Items from a data source:
══════════

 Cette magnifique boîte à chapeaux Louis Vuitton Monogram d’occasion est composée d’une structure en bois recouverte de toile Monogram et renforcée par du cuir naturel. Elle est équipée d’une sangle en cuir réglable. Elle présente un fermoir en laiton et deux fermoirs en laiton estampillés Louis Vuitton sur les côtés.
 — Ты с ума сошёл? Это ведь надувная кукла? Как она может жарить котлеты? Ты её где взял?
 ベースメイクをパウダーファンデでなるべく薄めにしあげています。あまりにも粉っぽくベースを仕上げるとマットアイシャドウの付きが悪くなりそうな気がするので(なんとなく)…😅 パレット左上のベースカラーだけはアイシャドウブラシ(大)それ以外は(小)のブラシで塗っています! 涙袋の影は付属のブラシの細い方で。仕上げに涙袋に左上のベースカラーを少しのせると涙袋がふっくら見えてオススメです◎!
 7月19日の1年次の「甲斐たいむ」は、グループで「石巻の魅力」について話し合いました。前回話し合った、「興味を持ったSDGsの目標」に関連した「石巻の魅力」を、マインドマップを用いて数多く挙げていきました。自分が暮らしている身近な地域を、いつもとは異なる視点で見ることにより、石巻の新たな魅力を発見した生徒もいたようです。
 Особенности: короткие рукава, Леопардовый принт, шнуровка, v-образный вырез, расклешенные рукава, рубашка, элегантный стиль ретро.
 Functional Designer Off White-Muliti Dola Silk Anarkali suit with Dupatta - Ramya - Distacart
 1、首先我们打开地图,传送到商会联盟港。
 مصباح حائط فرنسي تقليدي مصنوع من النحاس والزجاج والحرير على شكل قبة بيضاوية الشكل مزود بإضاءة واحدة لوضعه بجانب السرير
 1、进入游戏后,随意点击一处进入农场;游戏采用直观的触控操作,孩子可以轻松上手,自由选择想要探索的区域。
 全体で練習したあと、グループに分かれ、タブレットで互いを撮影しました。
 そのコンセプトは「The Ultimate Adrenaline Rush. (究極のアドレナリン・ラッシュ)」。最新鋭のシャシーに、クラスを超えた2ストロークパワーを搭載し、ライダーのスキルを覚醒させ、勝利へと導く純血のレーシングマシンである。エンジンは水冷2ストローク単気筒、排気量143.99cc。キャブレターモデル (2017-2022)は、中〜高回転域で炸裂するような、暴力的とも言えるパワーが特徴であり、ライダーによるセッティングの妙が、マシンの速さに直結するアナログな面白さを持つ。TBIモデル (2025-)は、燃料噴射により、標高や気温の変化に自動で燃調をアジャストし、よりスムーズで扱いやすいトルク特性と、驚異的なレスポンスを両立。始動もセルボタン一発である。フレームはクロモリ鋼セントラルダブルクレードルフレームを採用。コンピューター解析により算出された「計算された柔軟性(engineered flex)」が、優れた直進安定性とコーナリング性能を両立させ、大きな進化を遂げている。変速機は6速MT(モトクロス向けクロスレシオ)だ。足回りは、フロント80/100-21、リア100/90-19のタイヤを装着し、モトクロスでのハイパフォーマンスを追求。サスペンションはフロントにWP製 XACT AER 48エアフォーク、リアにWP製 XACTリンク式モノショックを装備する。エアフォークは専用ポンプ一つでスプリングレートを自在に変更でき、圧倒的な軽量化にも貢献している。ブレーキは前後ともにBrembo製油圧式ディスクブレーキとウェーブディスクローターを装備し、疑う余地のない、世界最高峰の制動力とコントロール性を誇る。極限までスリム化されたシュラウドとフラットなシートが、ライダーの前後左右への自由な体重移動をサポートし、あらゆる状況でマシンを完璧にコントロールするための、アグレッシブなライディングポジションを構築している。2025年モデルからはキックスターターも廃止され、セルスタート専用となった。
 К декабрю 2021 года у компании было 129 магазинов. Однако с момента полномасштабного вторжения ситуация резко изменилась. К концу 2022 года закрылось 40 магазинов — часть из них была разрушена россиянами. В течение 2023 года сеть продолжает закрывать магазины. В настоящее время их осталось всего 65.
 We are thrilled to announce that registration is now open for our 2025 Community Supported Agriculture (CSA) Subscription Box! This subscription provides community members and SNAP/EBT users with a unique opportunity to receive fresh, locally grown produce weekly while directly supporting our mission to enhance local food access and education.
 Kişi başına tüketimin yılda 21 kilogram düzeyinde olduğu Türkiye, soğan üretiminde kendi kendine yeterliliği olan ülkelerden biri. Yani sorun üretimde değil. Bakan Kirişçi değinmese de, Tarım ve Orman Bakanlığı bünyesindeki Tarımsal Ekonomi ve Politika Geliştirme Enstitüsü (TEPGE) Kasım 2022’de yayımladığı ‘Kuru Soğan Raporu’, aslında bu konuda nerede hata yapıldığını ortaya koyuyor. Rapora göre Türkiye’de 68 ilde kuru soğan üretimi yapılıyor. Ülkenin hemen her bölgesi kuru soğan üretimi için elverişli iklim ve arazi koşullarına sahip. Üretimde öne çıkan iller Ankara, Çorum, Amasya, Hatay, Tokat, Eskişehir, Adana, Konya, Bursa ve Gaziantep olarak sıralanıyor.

══════════

WHAT TO DO —
Search the records for the string "with", and copy every line that holds it.

TASK RESPONSE —
 Functional Designer Off White-Muliti Dola Silk Anarkali suit with Dupatta - Ramya - Distacart
 We are thrilled to announce that registration is now open for our 2025 Community Supported Agriculture (CSA) Subscription Box! This subscription provides community members and SNAP/EBT users with a unique opportunity to receive fresh, locally grown produce weekly while directly supporting our mission to enhance local food access and education.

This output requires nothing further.